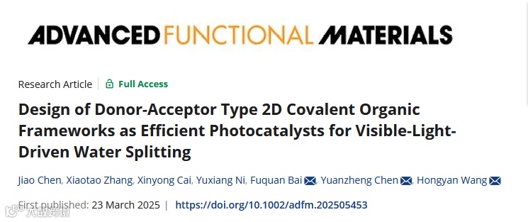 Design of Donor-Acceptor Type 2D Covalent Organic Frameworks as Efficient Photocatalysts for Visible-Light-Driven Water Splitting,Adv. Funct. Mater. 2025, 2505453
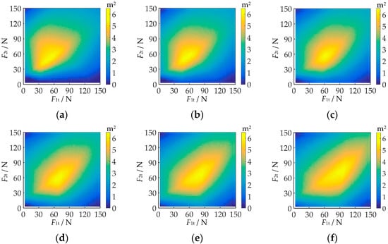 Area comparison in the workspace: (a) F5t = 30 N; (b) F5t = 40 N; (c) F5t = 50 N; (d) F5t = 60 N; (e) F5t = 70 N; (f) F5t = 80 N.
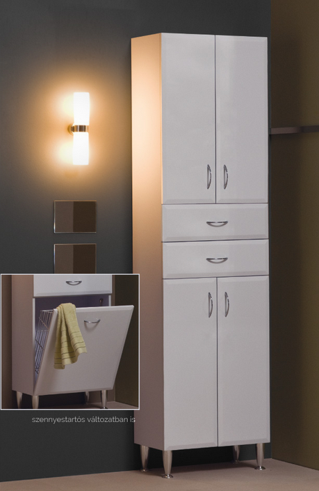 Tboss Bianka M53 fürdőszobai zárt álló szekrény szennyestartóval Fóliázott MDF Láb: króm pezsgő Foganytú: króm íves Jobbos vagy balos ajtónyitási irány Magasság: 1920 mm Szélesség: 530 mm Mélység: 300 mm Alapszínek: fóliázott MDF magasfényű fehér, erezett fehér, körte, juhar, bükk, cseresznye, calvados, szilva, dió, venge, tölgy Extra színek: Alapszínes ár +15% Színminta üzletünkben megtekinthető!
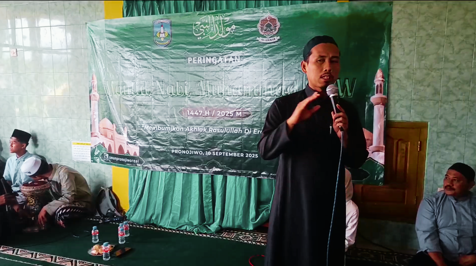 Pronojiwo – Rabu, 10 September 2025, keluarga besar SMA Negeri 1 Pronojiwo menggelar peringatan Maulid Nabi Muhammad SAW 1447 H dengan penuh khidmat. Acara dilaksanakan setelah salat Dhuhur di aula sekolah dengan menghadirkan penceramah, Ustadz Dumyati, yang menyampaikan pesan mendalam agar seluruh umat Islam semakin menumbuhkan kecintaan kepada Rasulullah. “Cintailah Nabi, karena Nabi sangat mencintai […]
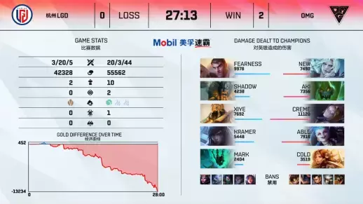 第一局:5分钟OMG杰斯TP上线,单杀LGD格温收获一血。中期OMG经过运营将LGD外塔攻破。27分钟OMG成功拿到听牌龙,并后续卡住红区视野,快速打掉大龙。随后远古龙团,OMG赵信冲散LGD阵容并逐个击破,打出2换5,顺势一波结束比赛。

********************

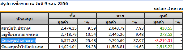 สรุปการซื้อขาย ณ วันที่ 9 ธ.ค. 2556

********************

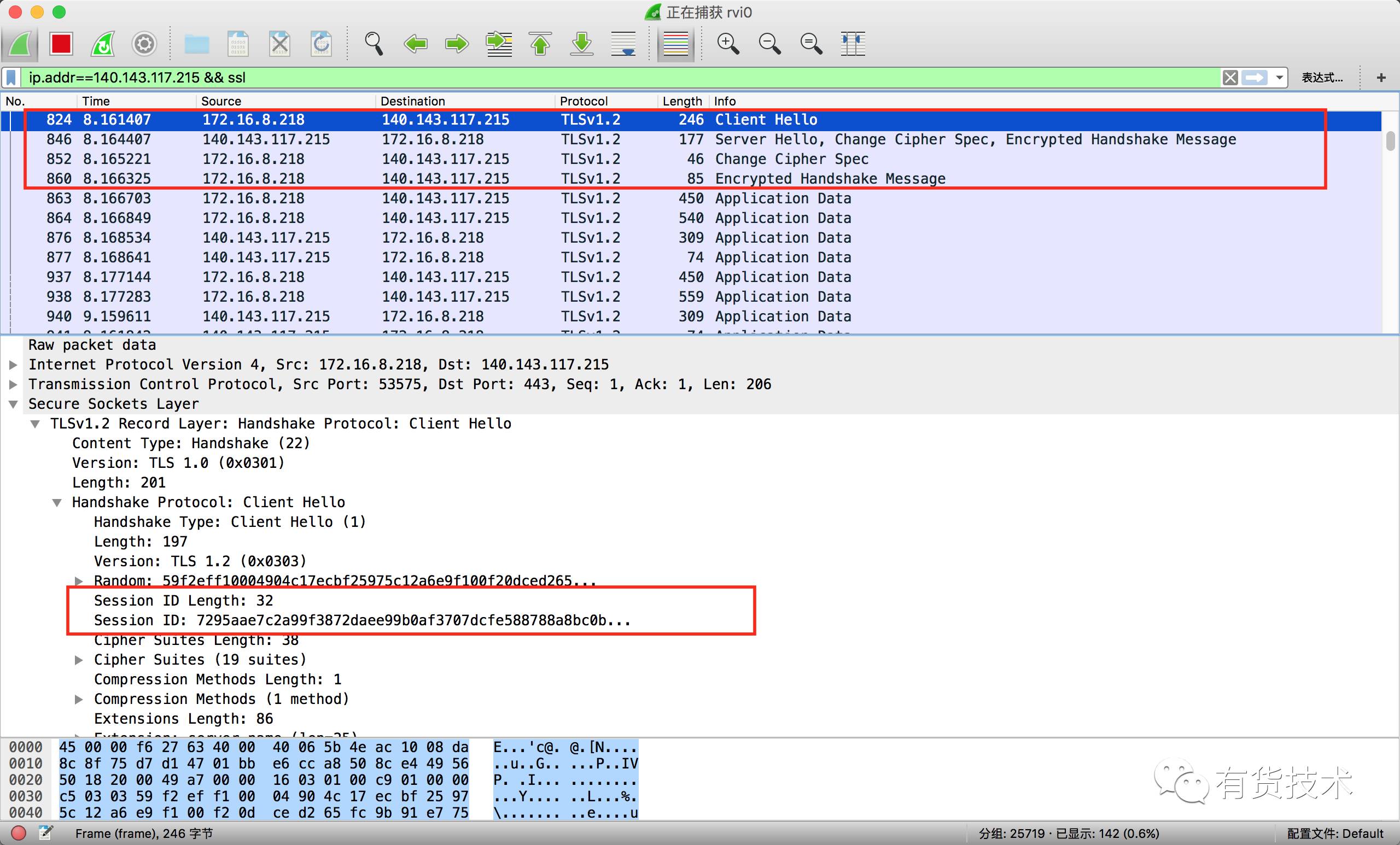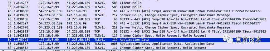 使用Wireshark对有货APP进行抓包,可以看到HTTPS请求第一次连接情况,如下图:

********************

Task to carry out
Quote the lines above exactly, starting with the one that has "Design of Donor-Acceptor" and ending with the one that has "Area comparison in"; drop the pictures and include nothing else.

Response
 Design of Donor-Acceptor Type 2D Covalent Organic Frameworks as Efficient Photocatalysts for Visible-Light-Driven Water Splitting,Adv. Funct. Mater. 2025, 2505453
 Area comparison in the workspace: (a) F5t = 30 N; (b) F5t = 40 N; (c) F5t = 50 N; (d) F5t = 60 N; (e) F5t = 70 N; (f) F5t = 80 N.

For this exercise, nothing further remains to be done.